Directions:
I'd like every entry transcribed word for word, with no pictures.

Provided material:
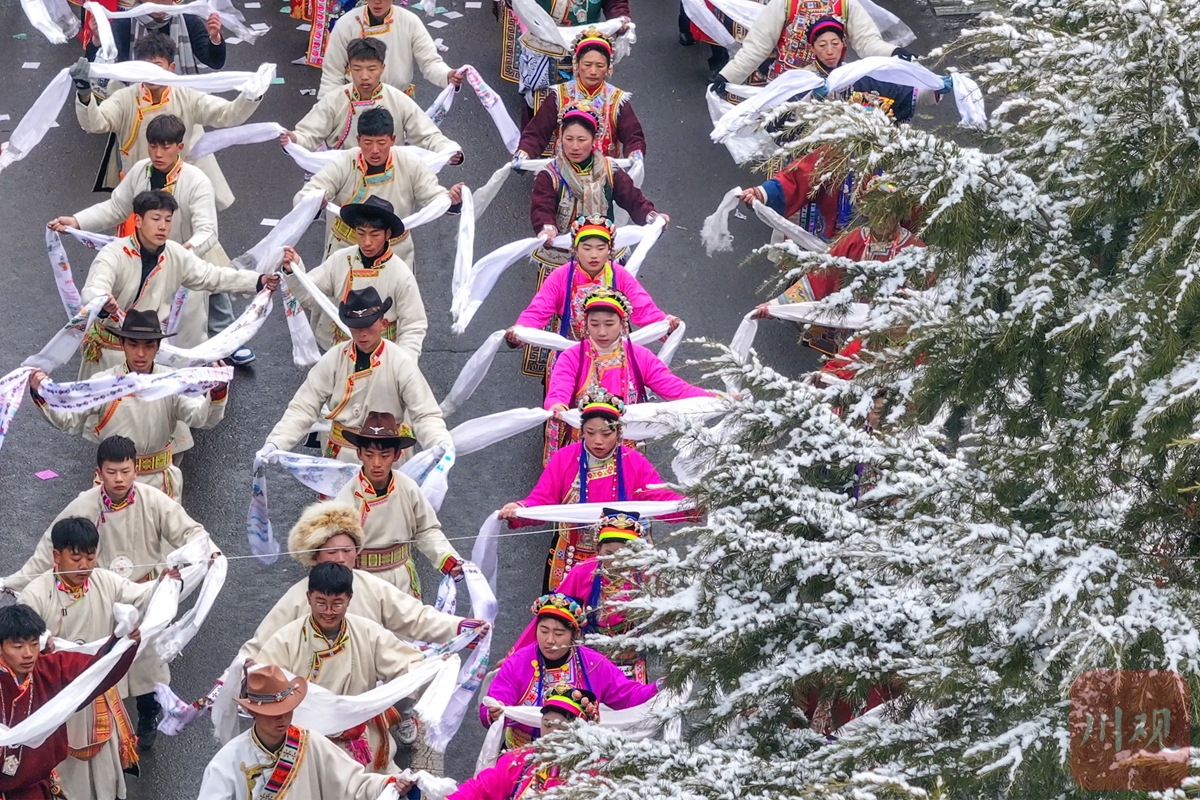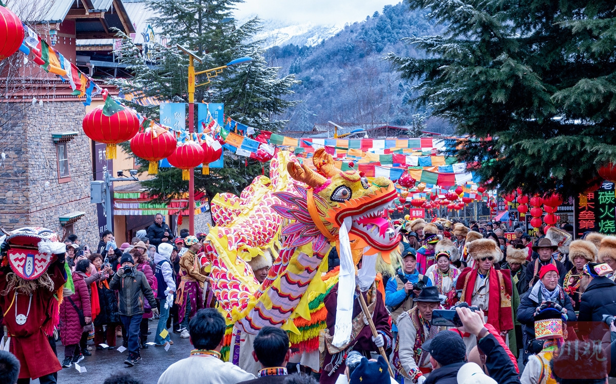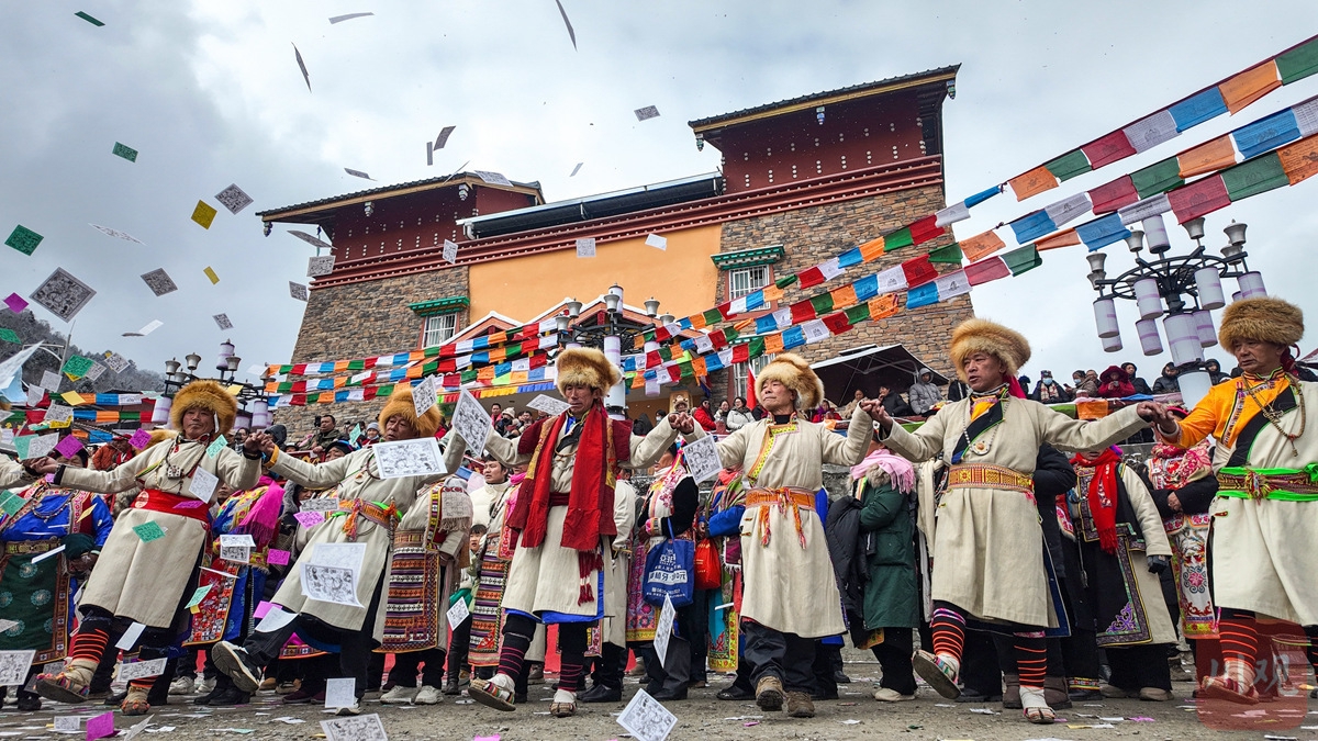 2025年2月6日,农历正月初九,雅安宝兴硗碛藏寨迎来藏历木蛇年传统民俗文化活动“上九节”。这一天,夹金山藏族群众穿着节日的盛装,表演“硗碛多声部民歌”“硗碛上九节”“硗碛锅庄”等国家级、省级非物质文化遗产节目,把节日的盛况推向高潮。
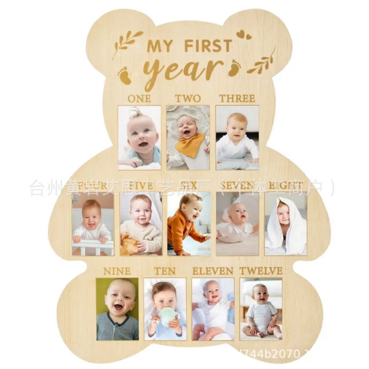 木製新生児記念フォトフレーム新生児月マイルストーンフォトフレーム木製赤ちゃん月フォトフレーム
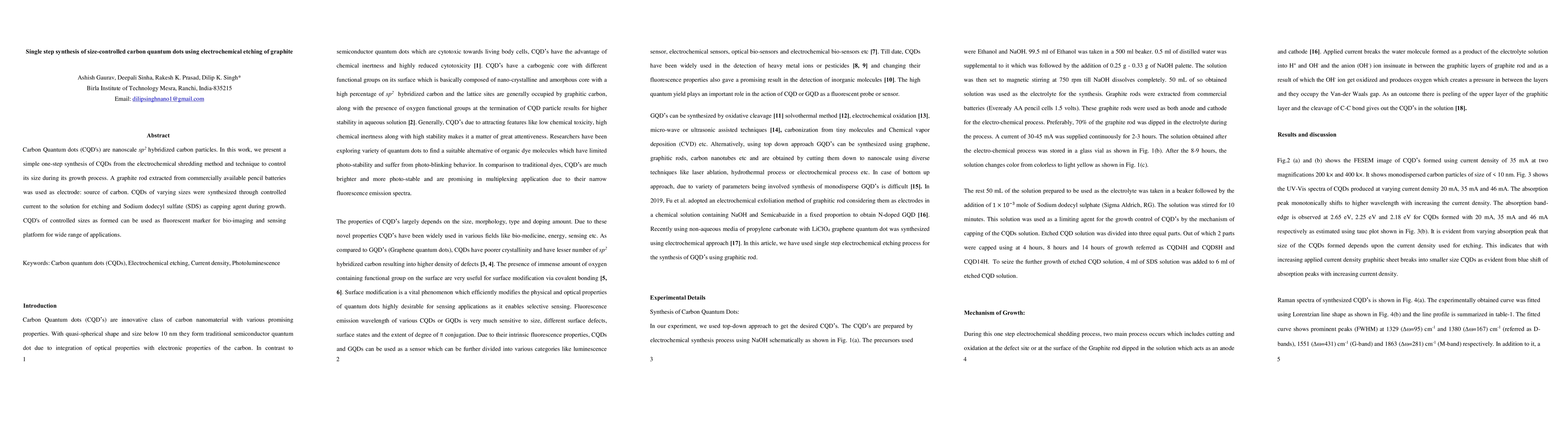 Carbon Quantum dots (CQD's) are nanoscale sp2 hybridized carbon particles. In this work, we present a simple one-step synthesis of CQDs from the electrochemical shredding method and technique to control its size during its growth process. A graphite rod extracted from commercially available pencil batteries was used as electrode: source of carbon. CQDs of varying sizes were synthesized through controlled current to the solution for etching and Sodium dodecyl sulfate (SDS) as capping agent during growth. CQD's of controlled sizes as formed can be used as fluorescent marker for bio-imaging and sensing platform for wide range of applications.
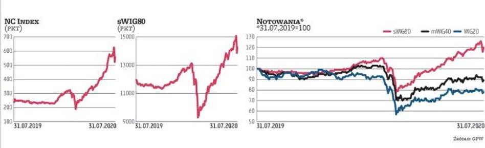 NCIndex od początku roku zyskał 137 proc. (w tym czasie sWIG80 urósł o 19 proc., ale mWIG40 stracił 9 proc., a WIG20 spadł o 17 proc.). – Od szczytu z 2008 r. NCIndex spadł o 85 proc. i po 230-proc. odbiciu z dołka w marcu 2020 r. zniósł blisko prawie 40 proc. spadków od 2007 r. Indeks próbuje więc odreagować blisko 12-letnią słabość. Warto dodać, że wartość miesięcznych obrotów na NC w lipcu wyniosła blisko 2,1 mld zł wobec zaledwie zazwyczaj 0,05–0,10 mld zł w latach 2008–2019. Małe spółki były jedną z ofiar awersji do ryzyka, mniejszej płynności czy mniejszej transparentności. Natomiast w obliczu poszukiwania ryzyka zyskują najbardziej – mówi Sobiesław Kozłowski, dyrektor departamentu analiz i doradztwa w Noble Securities.
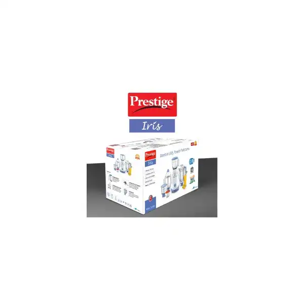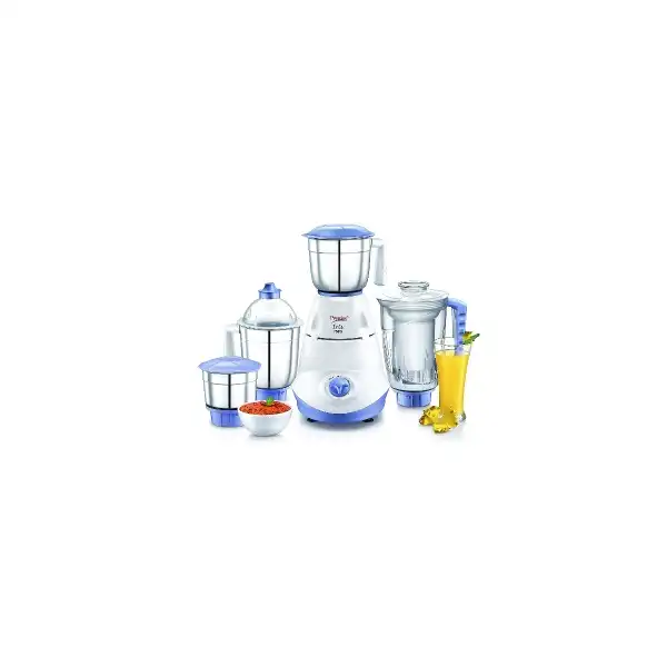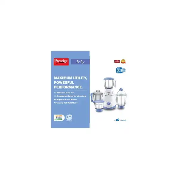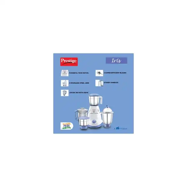 Prestige Iris 750 Watt Mixer Grinder with 3 Stainless Steel Jar + 1 Juicer Jar (White and Blue)

Your response:
 2025年2月6日,农历正月初九,雅安宝兴硗碛藏寨迎来藏历木蛇年传统民俗文化活动“上九节”。这一天,夹金山藏族群众穿着节日的盛装,表演“硗碛多声部民歌”“硗碛上九节”“硗碛锅庄”等国家级、省级非物质文化遗产节目,把节日的盛况推向高潮。
 木製新生児記念フォトフレーム新生児月マイルストーンフォトフレーム木製赤ちゃん月フォトフレーム
 Carbon Quantum dots (CQD's) are nanoscale sp2 hybridized carbon particles. In this work, we present a simple one-step synthesis of CQDs from the electrochemical shredding method and technique to control its size during its growth process. A graphite rod extracted from commercially available pencil batteries was used as electrode: source of carbon. CQDs of varying sizes were synthesized through controlled current to the solution for etching and Sodium dodecyl sulfate (SDS) as capping agent during growth. CQD's of controlled sizes as formed can be used as fluorescent marker for bio-imaging and sensing platform for wide range of applications.
 NCIndex od początku roku zyskał 137 proc. (w tym czasie sWIG80 urósł o 19 proc., ale mWIG40 stracił 9 proc., a WIG20 spadł o 17 proc.). – Od szczytu z 2008 r. NCIndex spadł o 85 proc. i po 230-proc. odbiciu z dołka w marcu 2020 r. zniósł blisko prawie 40 proc. spadków od 2007 r. Indeks próbuje więc odreagować blisko 12-letnią słabość. Warto dodać, że wartość miesięcznych obrotów na NC w lipcu wyniosła blisko 2,1 mld zł wobec zaledwie zazwyczaj 0,05–0,10 mld zł w latach 2008–2019. Małe spółki były jedną z ofiar awersji do ryzyka, mniejszej płynności czy mniejszej transparentności. Natomiast w obliczu poszukiwania ryzyka zyskują najbardziej – mówi Sobiesław Kozłowski, dyrektor departamentu analiz i doradztwa w Noble Securities.
 Prestige Iris 750 Watt Mixer Grinder with 3 Stainless Steel Jar + 1 Juicer Jar (White and Blue)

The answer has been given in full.